UNDER the same roof in the same flat on the same fourth storey lived two young men, colleagues in the service, Arkady Ivanovitch Nefedevitch and Vasya Shumkov. . . . The author of course, feels the necessity of explaining to the reader why one is given his full title, while the other’s name is abbreviated, if only that such a mode of expression may not be regarded as unseemly and rather familiar. But, to do so, it would first be necessary to explain and describe the rank and years and calling and duty in the service, and even, indeed, the characters of the persons concerned; and since there are so many writers who begin in that way the author of the proposed story, solely in order to be unlike them (that is, some people will perhaps say, entirely on account of his boundless vanity), decides to begin straightaway with action.

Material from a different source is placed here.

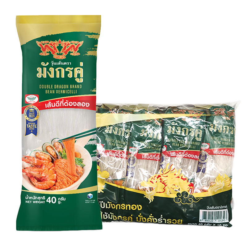- ชื่อสินค้า: มังกรคู่ วุ้นเส้น เกรดA 40 ก. x 10 - แบรนด์: มังกรคู่ - ปริมาณบรรจุ: 10 หน่วย
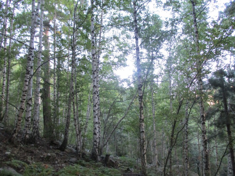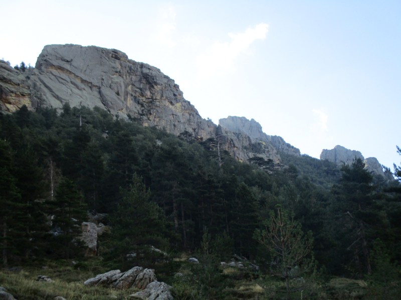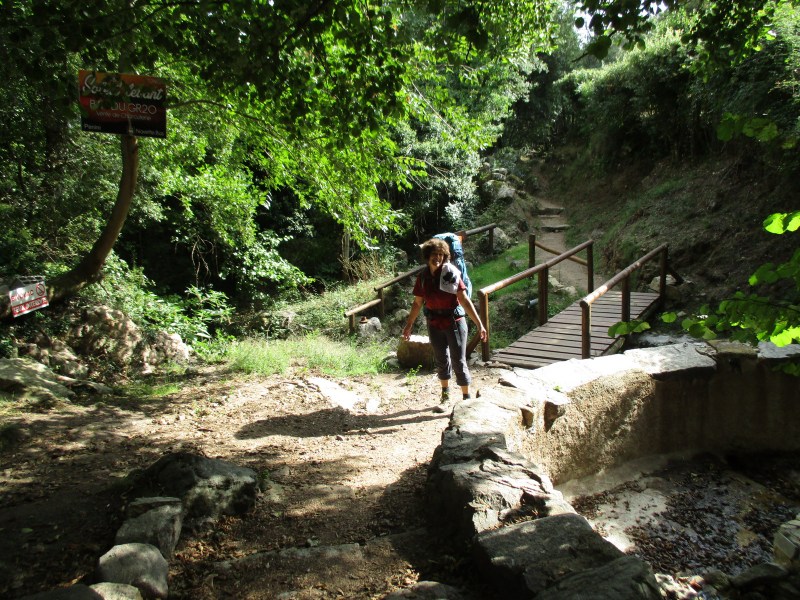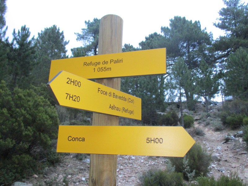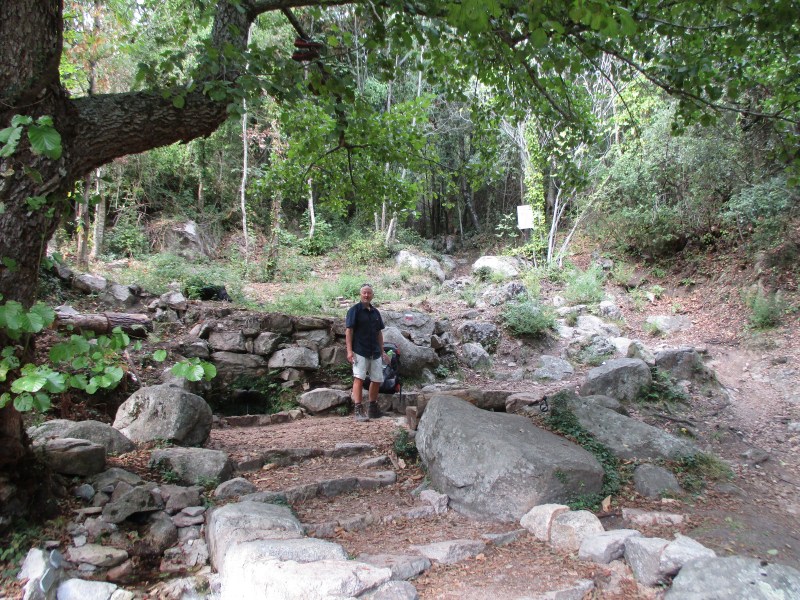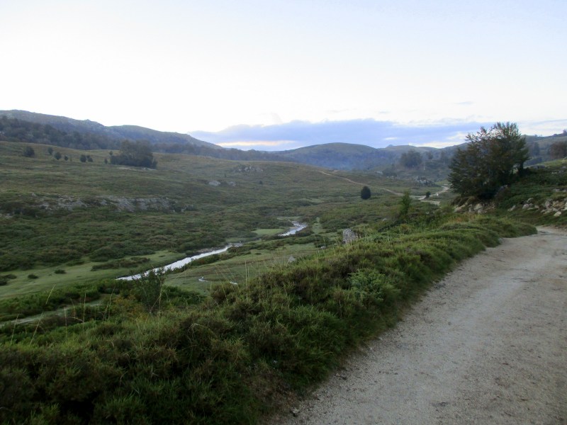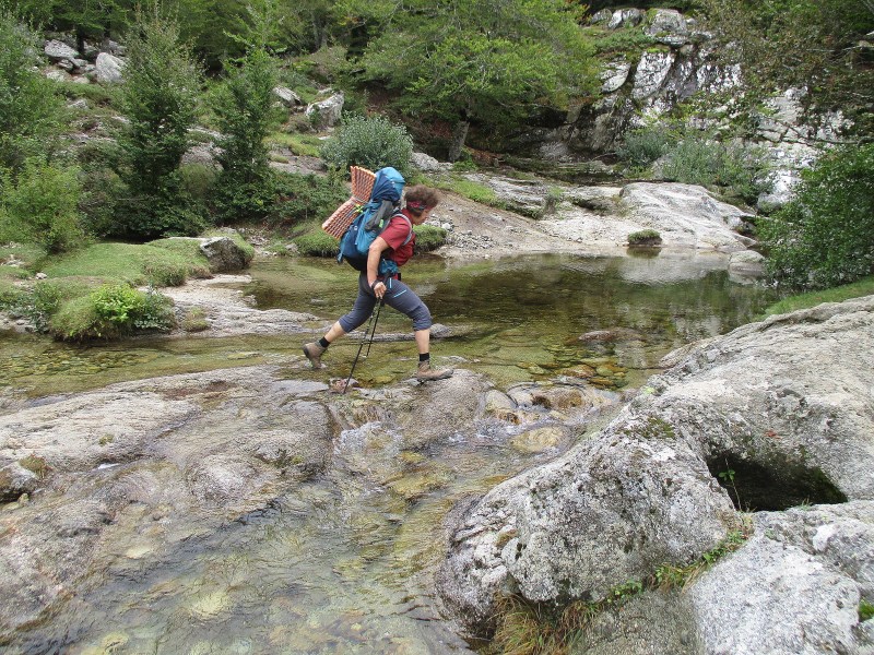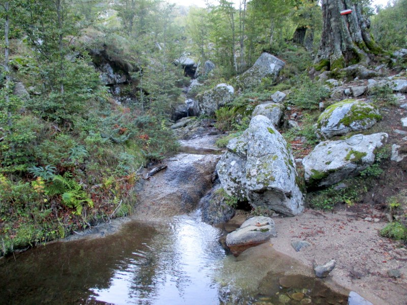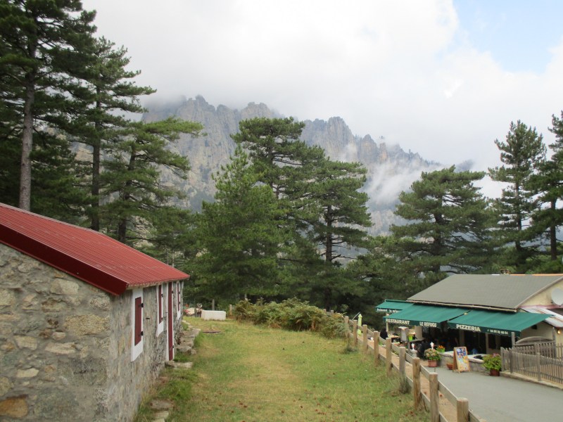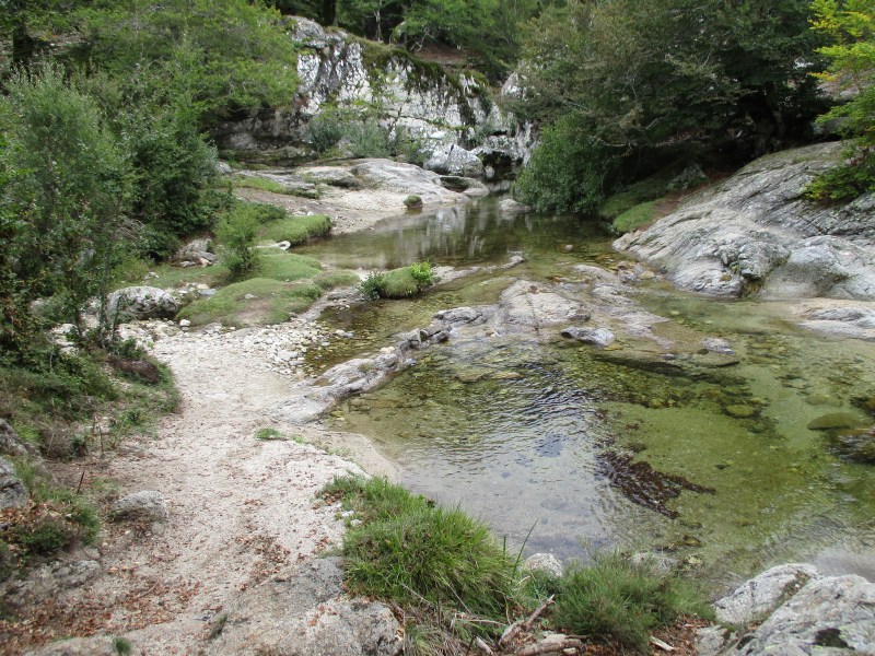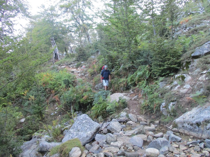 Спустились в долину, перешли через речушку, попали в приятный лес  и пошли по нормальной  тропе среди леса. Миновали развилку, где можно было свернуть на  «альпийский вариант GR 20» — типа снова полазить по скалам. Но мы сворачивать не стали и пошли по общепринятому маршруту. Впоследствии в разговорах с треккерами выяснилось, что большинство из них шли по альпийскому варианту и остались им очень довольны. Маршрут этот красивый и аттрактивный (кое-где есть даже цепи), там  немного добавляется  подъём  и спуск, но зато он заметно короче общепринятого, и, видимо, мы зря по нему не пошли.

Having completed this introduction, he begins.

Towards six o’clock on New Year’s Eve Shumkov returned home. Arkady Ivanovitch, who was lying on the bed, woke up and looked at his friend with half-closed eyes. He saw that Vasya had on his very best trousers and a very clean shirt front. That, of course, struck him. “Where had Vasya to go like that? And he had not dined at home either!” Meanwhile, Shumkov had lighted a candle, and Arkady Ivanovitch guessed immediately that his friend was intending to wake him accidentally. Vasya did, in fact, clear his throat twice, walked twice up and down the room, and at last, quite accidentally, let the pipe, which he had begun filling in the corner by the stove, slip out of his hands. Arkady Ivanovitch laughed to himself.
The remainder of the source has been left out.